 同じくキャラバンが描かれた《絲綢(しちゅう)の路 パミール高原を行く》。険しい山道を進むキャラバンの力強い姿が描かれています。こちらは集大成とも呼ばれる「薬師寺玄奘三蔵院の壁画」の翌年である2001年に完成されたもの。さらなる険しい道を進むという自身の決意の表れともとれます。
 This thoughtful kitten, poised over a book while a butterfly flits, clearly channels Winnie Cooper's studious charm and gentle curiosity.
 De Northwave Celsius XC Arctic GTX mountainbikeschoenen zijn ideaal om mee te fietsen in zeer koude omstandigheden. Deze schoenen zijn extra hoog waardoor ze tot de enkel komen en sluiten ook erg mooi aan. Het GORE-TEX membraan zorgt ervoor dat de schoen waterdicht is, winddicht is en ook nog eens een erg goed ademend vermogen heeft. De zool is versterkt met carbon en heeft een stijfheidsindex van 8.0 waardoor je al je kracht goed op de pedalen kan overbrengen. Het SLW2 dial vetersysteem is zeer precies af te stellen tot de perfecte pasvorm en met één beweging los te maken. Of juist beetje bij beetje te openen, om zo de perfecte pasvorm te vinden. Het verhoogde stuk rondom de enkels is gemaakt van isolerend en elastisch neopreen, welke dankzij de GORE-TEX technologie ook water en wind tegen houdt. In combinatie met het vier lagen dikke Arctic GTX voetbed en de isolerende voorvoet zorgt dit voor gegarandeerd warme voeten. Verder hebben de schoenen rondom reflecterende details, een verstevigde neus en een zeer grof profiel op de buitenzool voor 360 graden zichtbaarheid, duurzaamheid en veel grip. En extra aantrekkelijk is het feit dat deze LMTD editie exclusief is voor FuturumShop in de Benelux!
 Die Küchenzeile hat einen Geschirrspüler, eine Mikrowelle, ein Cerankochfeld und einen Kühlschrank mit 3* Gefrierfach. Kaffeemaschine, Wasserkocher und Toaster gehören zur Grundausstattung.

◆ ◆ ◆ ◆ ◆ ◆ ◆

Exercise aim
Lines after the one containing "This thoughtful kitten, poised" are not wanted; repeat exactly each line above from the first up to and including it.

Your solution
 同じくキャラバンが描かれた《絲綢(しちゅう)の路 パミール高原を行く》。険しい山道を進むキャラバンの力強い姿が描かれています。こちらは集大成とも呼ばれる「薬師寺玄奘三蔵院の壁画」の翌年である2001年に完成されたもの。さらなる険しい道を進むという自身の決意の表れともとれます。
 This thoughtful kitten, poised over a book while a butterfly flits, clearly channels Winnie Cooper's studious charm and gentle curiosity.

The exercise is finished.